▸ TASK DETAILS: Reproduce every entry word for word.

(Collected data)
_ _ _ _

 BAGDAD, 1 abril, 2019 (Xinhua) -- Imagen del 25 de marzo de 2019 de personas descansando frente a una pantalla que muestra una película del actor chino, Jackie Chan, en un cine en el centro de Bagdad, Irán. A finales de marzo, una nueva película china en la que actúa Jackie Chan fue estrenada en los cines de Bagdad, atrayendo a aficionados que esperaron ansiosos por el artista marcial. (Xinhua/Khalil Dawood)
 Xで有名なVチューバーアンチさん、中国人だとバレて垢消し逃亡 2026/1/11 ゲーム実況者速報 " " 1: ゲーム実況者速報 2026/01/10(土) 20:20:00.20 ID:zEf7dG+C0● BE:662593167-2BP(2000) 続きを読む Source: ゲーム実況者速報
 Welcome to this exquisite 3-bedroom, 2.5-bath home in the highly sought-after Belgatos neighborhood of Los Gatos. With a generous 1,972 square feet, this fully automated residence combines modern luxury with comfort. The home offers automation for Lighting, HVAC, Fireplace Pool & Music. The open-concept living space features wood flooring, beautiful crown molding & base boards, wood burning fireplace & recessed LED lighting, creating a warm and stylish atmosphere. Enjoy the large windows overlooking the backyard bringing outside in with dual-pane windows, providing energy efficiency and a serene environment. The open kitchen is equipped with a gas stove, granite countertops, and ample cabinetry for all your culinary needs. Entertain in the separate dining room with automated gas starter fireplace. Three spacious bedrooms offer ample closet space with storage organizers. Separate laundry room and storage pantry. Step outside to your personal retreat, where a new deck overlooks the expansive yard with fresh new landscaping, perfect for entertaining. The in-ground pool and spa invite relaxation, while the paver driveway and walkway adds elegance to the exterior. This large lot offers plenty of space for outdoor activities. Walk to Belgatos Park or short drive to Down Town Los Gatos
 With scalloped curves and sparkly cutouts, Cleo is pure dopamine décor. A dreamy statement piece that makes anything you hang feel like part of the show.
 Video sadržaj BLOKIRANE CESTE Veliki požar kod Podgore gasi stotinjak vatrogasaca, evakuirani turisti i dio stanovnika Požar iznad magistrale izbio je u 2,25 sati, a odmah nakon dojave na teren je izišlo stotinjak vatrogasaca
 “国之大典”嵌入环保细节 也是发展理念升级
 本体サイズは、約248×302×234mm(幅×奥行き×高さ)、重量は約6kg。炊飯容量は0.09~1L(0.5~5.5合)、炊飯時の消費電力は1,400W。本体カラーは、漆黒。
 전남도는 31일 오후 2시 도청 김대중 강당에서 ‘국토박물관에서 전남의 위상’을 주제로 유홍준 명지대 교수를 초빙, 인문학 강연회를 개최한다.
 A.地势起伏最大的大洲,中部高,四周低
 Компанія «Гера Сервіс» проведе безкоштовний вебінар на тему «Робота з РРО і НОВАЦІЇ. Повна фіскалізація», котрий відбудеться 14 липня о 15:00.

_ _ _ _

▸ OUTPUT FOR THIS EXERCISE:
 BAGDAD, 1 abril, 2019 (Xinhua) -- Imagen del 25 de marzo de 2019 de personas descansando frente a una pantalla que muestra una película del actor chino, Jackie Chan, en un cine en el centro de Bagdad, Irán. A finales de marzo, una nueva película china en la que actúa Jackie Chan fue estrenada en los cines de Bagdad, atrayendo a aficionados que esperaron ansiosos por el artista marcial. (Xinhua/Khalil Dawood)
 Xで有名なVチューバーアンチさん、中国人だとバレて垢消し逃亡 2026/1/11 ゲーム実況者速報 " " 1: ゲーム実況者速報 2026/01/10(土) 20:20:00.20 ID:zEf7dG+C0● BE:662593167-2BP(2000) 続きを読む Source: ゲーム実況者速報
 Welcome to this exquisite 3-bedroom, 2.5-bath home in the highly sought-after Belgatos neighborhood of Los Gatos. With a generous 1,972 square feet, this fully automated residence combines modern luxury with comfort. The home offers automation for Lighting, HVAC, Fireplace Pool & Music. The open-concept living space features wood flooring, beautiful crown molding & base boards, wood burning fireplace & recessed LED lighting, creating a warm and stylish atmosphere. Enjoy the large windows overlooking the backyard bringing outside in with dual-pane windows, providing energy efficiency and a serene environment. The open kitchen is equipped with a gas stove, granite countertops, and ample cabinetry for all your culinary needs. Entertain in the separate dining room with automated gas starter fireplace. Three spacious bedrooms offer ample closet space with storage organizers. Separate laundry room and storage pantry. Step outside to your personal retreat, where a new deck overlooks the expansive yard with fresh new landscaping, perfect for entertaining. The in-ground pool and spa invite relaxation, while the paver driveway and walkway adds elegance to the exterior. This large lot offers plenty of space for outdoor activities. Walk to Belgatos Park or short drive to Down Town Los Gatos
 With scalloped curves and sparkly cutouts, Cleo is pure dopamine décor. A dreamy statement piece that makes anything you hang feel like part of the show.
 Video sadržaj BLOKIRANE CESTE Veliki požar kod Podgore gasi stotinjak vatrogasaca, evakuirani turisti i dio stanovnika Požar iznad magistrale izbio je u 2,25 sati, a odmah nakon dojave na teren je izišlo stotinjak vatrogasaca
 “国之大典”嵌入环保细节 也是发展理念升级
 本体サイズは、約248×302×234mm(幅×奥行き×高さ)、重量は約6kg。炊飯容量は0.09~1L(0.5~5.5合)、炊飯時の消費電力は1,400W。本体カラーは、漆黒。
 전남도는 31일 오후 2시 도청 김대중 강당에서 ‘국토박물관에서 전남의 위상’을 주제로 유홍준 명지대 교수를 초빙, 인문학 강연회를 개최한다.
 A.地势起伏最大的大洲,中部高,四周低
 Компанія «Гера Сервіс» проведе безкоштовний вебінар на тему «Робота з РРО і НОВАЦІЇ. Повна фіскалізація», котрий відбудеться 14 липня о 15:00.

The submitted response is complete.